What the task requires.
Look below for the line that contains "Het perceel waarop" and the line that contains "活动现场,团队成员刘淑涵对一", then restate both of them and every line in between, exactly. No picture goes in the copy.

(Data records Opens)

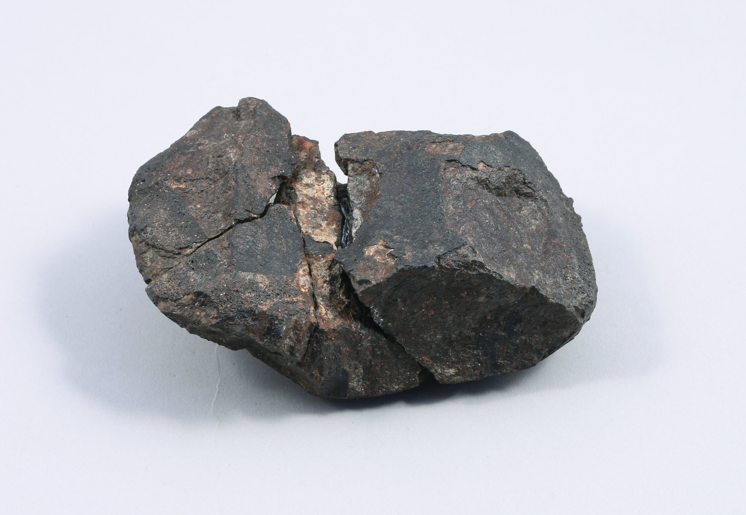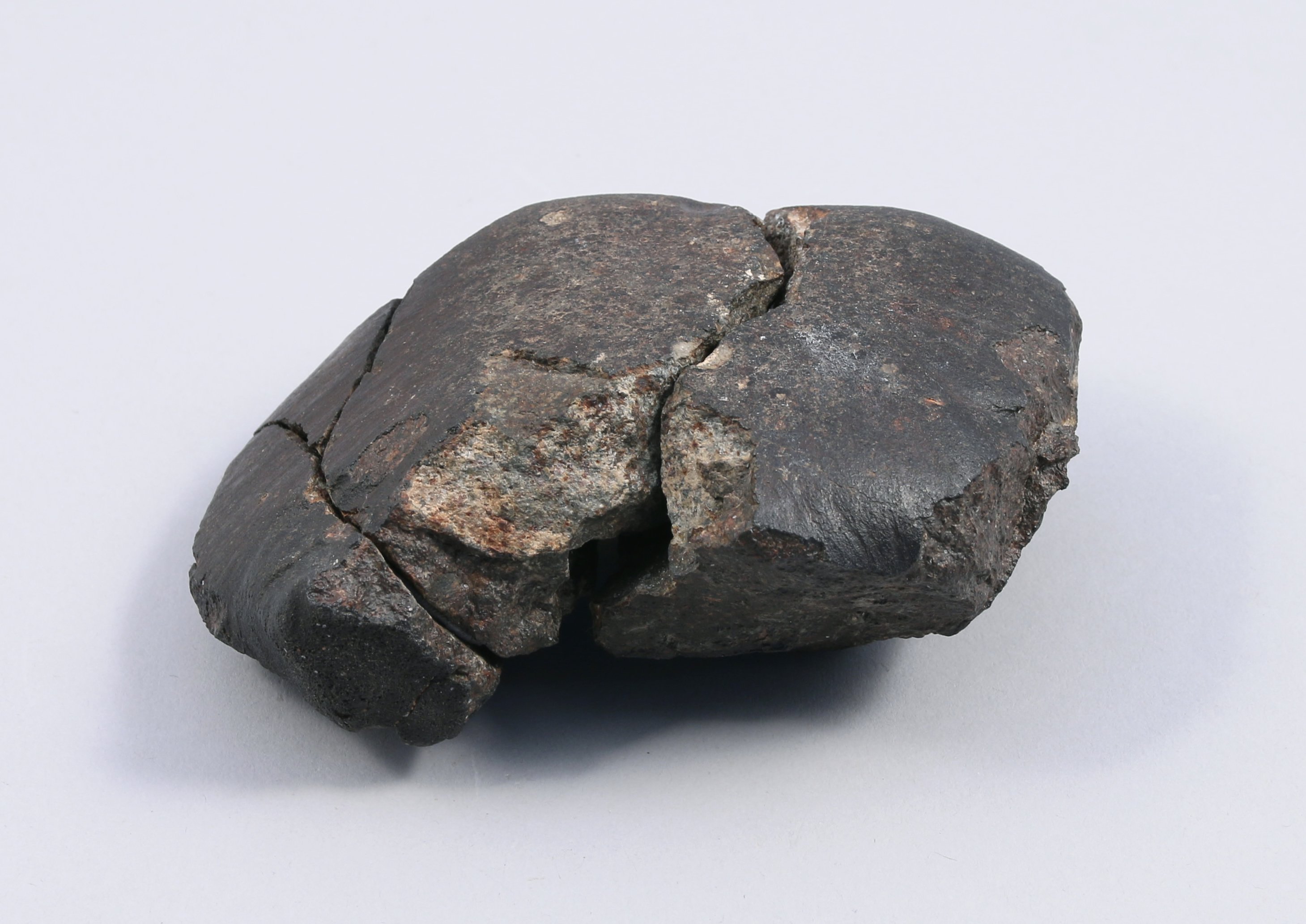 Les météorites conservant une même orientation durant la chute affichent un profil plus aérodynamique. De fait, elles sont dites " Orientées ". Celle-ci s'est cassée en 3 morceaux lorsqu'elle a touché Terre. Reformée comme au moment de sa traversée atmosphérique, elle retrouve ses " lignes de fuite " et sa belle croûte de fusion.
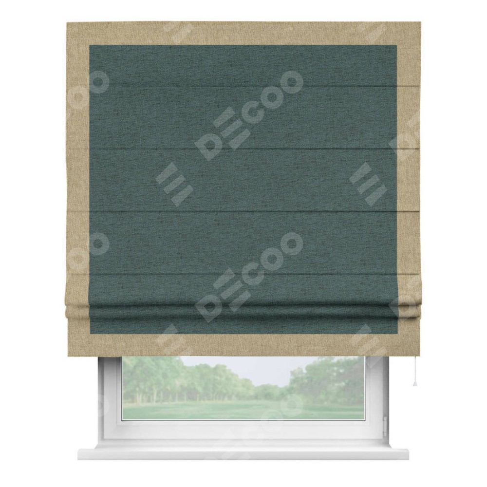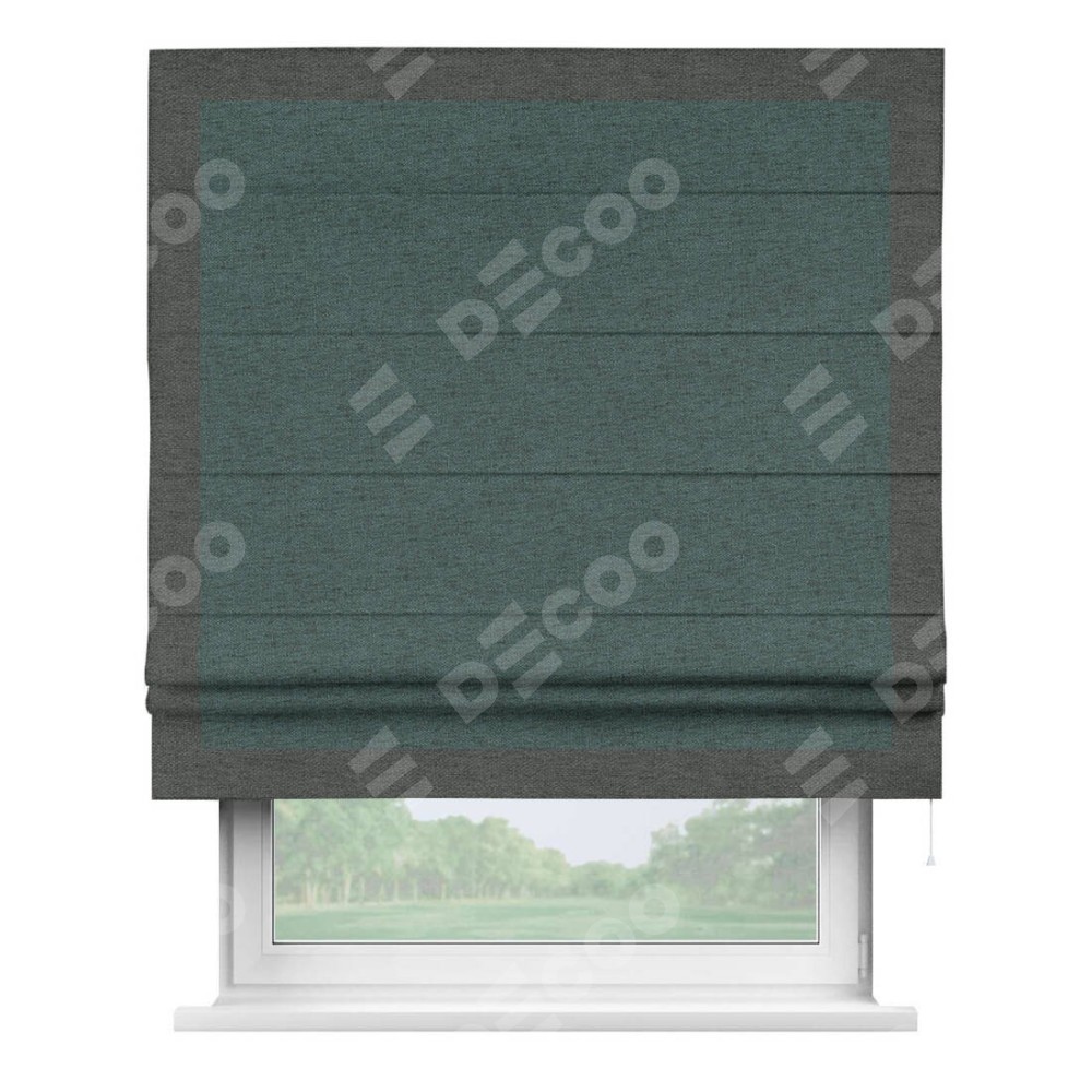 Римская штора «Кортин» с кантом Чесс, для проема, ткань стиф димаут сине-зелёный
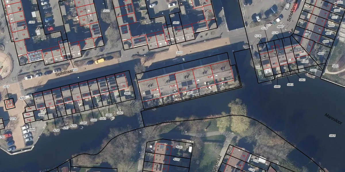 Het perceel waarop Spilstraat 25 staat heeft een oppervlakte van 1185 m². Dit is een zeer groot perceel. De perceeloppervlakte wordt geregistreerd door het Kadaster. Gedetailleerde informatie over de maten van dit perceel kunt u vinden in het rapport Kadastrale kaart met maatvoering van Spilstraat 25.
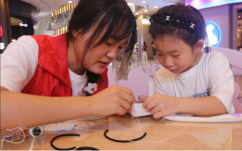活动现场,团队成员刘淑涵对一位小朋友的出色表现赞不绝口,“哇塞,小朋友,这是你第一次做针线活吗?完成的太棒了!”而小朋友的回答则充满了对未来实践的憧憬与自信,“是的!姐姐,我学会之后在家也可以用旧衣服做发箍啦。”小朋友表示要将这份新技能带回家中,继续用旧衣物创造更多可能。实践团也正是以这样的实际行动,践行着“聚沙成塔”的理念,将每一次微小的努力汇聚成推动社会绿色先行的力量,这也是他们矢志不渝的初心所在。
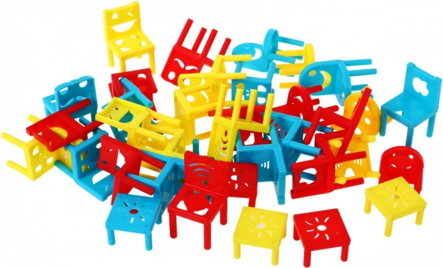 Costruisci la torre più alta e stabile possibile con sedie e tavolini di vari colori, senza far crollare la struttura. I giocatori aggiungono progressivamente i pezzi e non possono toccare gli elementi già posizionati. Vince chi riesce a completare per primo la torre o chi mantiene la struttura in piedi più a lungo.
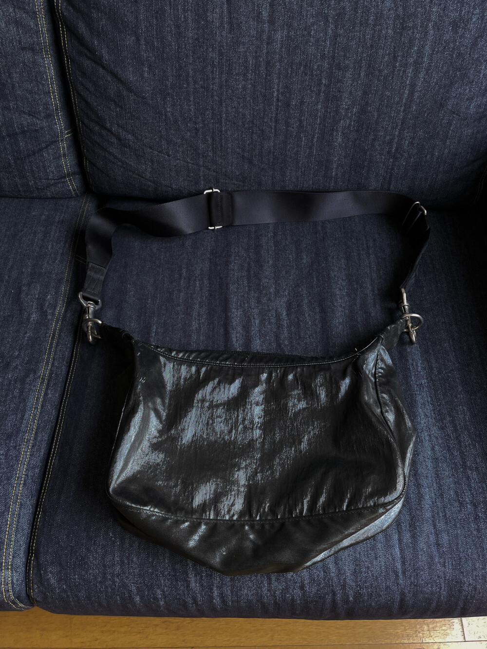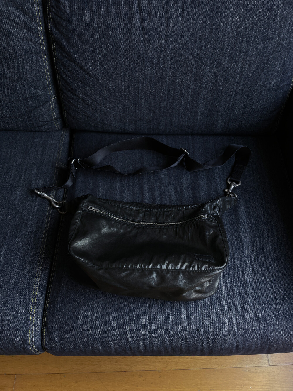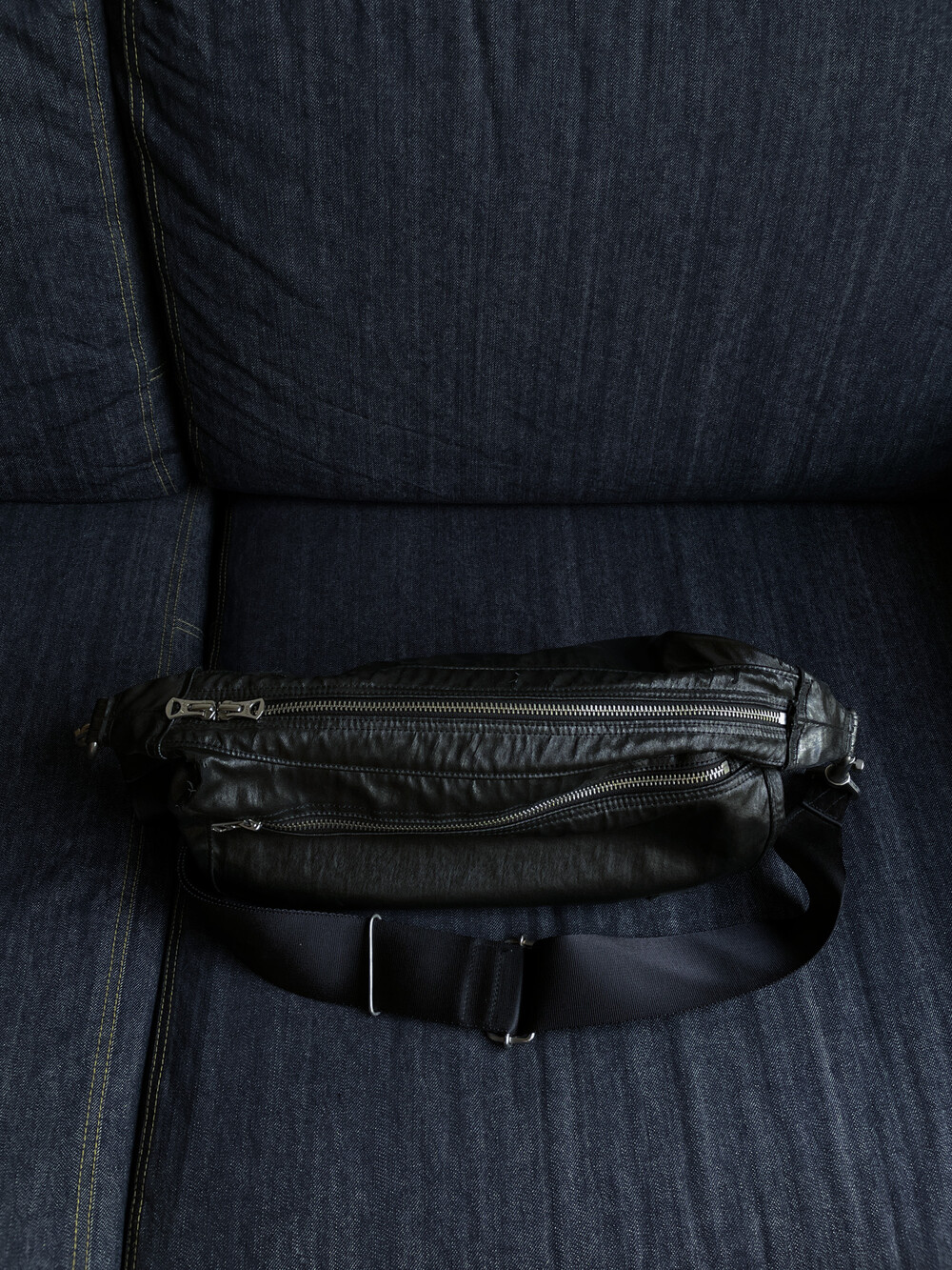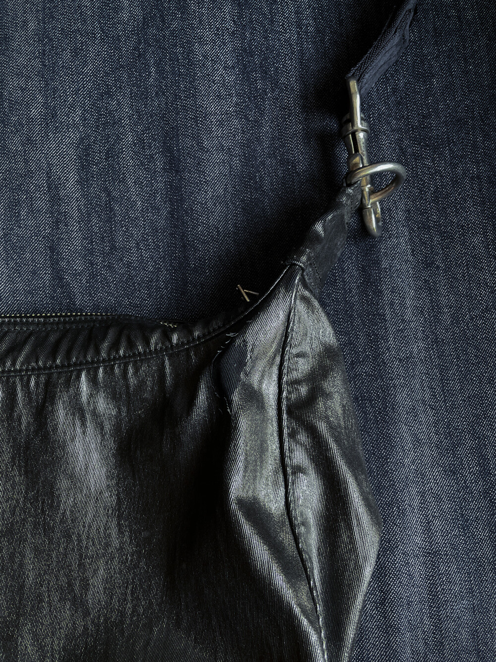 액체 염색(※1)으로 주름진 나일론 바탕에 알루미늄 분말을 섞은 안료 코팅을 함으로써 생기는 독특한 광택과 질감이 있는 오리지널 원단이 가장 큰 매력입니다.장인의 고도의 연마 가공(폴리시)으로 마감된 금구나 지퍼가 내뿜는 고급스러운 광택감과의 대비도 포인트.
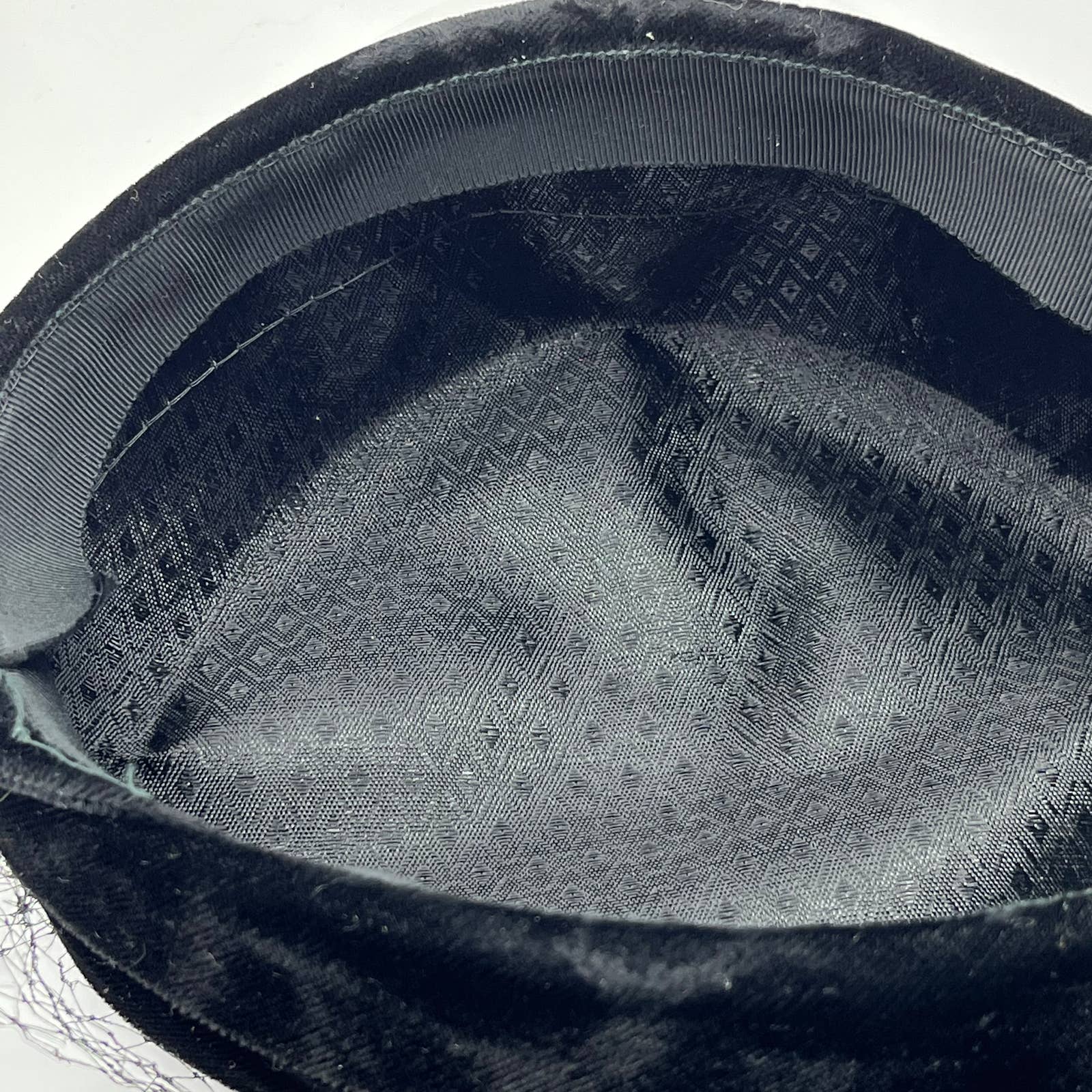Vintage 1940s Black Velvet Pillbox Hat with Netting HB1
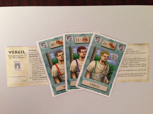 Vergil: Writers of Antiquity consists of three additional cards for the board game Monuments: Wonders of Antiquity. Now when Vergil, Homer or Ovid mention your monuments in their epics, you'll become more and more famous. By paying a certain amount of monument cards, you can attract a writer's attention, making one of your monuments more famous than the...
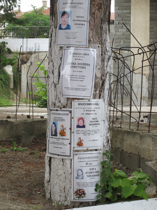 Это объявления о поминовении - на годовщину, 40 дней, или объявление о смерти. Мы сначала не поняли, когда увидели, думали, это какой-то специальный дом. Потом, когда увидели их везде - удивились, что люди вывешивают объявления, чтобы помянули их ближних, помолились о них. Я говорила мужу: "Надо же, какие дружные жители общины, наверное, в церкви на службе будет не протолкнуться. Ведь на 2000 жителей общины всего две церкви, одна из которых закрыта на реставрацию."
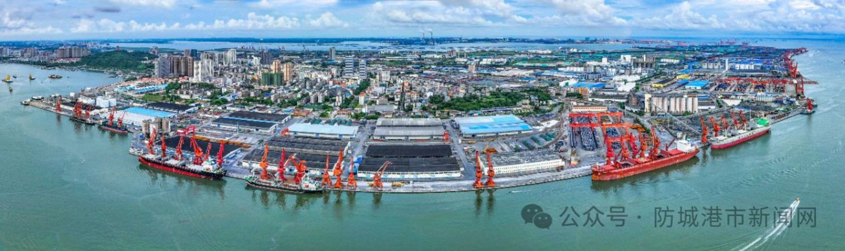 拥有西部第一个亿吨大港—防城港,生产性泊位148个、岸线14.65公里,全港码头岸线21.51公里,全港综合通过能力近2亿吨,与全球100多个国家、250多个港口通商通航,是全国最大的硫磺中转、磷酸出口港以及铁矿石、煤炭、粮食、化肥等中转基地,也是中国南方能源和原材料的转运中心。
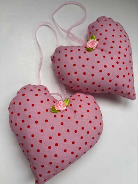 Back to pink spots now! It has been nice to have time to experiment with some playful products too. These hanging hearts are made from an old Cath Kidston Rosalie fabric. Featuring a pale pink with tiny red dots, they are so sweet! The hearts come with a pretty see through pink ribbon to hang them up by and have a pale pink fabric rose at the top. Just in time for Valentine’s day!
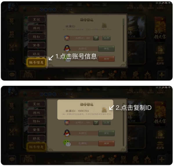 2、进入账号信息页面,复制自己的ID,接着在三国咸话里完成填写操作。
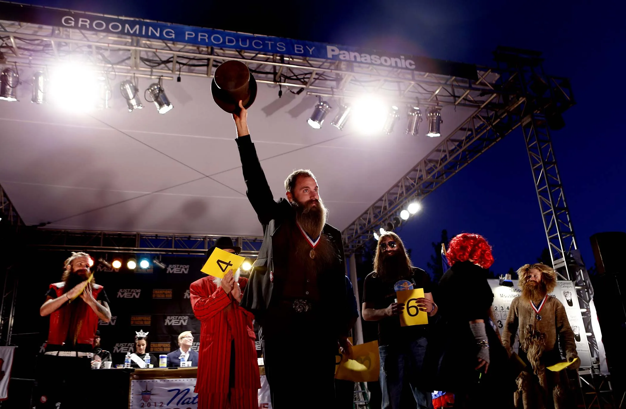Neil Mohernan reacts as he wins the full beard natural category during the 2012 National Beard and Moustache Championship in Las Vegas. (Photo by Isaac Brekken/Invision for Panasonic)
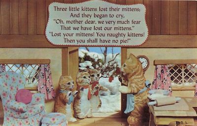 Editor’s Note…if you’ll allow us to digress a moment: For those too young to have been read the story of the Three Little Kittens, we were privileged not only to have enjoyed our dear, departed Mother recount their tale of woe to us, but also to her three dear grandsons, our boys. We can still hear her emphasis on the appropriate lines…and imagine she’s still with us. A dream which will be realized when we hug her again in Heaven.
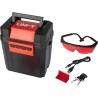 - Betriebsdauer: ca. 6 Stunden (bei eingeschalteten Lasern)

(Data records Closes)

Task answer.
 Het perceel waarop Spilstraat 25 staat heeft een oppervlakte van 1185 m². Dit is een zeer groot perceel. De perceeloppervlakte wordt geregistreerd door het Kadaster. Gedetailleerde informatie over de maten van dit perceel kunt u vinden in het rapport Kadastrale kaart met maatvoering van Spilstraat 25.
活动现场,团队成员刘淑涵对一位小朋友的出色表现赞不绝口,“哇塞,小朋友,这是你第一次做针线活吗?完成的太棒了!”而小朋友的回答则充满了对未来实践的憧憬与自信,“是的!姐姐,我学会之后在家也可以用旧衣服做发箍啦。”小朋友表示要将这份新技能带回家中,继续用旧衣物创造更多可能。实践团也正是以这样的实际行动,践行着“聚沙成塔”的理念,将每一次微小的努力汇聚成推动社会绿色先行的力量,这也是他们矢志不渝的初心所在。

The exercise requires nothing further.